Comments sorted by top scores.

comment by Jack O'Brien (jack-o-brien) · 2024-08-25T03:01:15.019Z · LW(p) · GW(p)

** Progress Report: AI Safety Fundamentals Project ** This is a public space for me to keep updated on my AI safety fundamentals project. The project will take 4 weeks. My goal is to stay lean and limit my scope so I can actually finish on time. I aim to update this post at least once per week with my updates, but maybe more often.

Overall, I want to work on agent foundations and the theory behind AI alignment agendas. One stepping point for this is Selection theorems; a research program to find justifications that a given training process will result in a given agent property.

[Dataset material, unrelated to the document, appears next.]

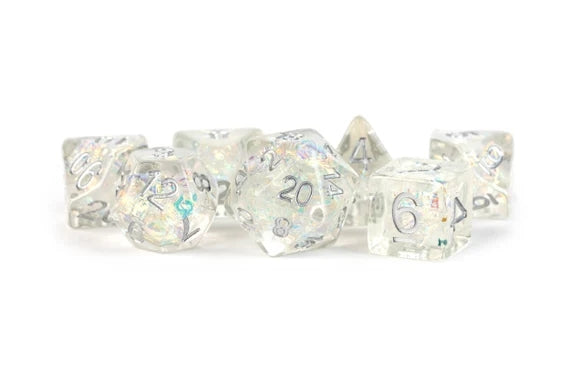 Rainbow Frost dice are infused with holographic paper that shimmers in the light. These are full-sized 16mm polyhedral dice sets that come with 7 dice (d4, d6, d8, d10, d10%(00-90), d12, and d20).

My plan for the agisf project: literature review on selection theorems. Take a whole load of concepts / blog posts, read them, riff on them if i feel like it. At least write a 1 paragraph summary of each post im intrerested in. List of posts:

  • John's original posts on Selection theorems, and Adam Khoja's distillation of it.
  • Scott garrabrant's stuff on geometric rationality
  • Coherence theorems for utility theory.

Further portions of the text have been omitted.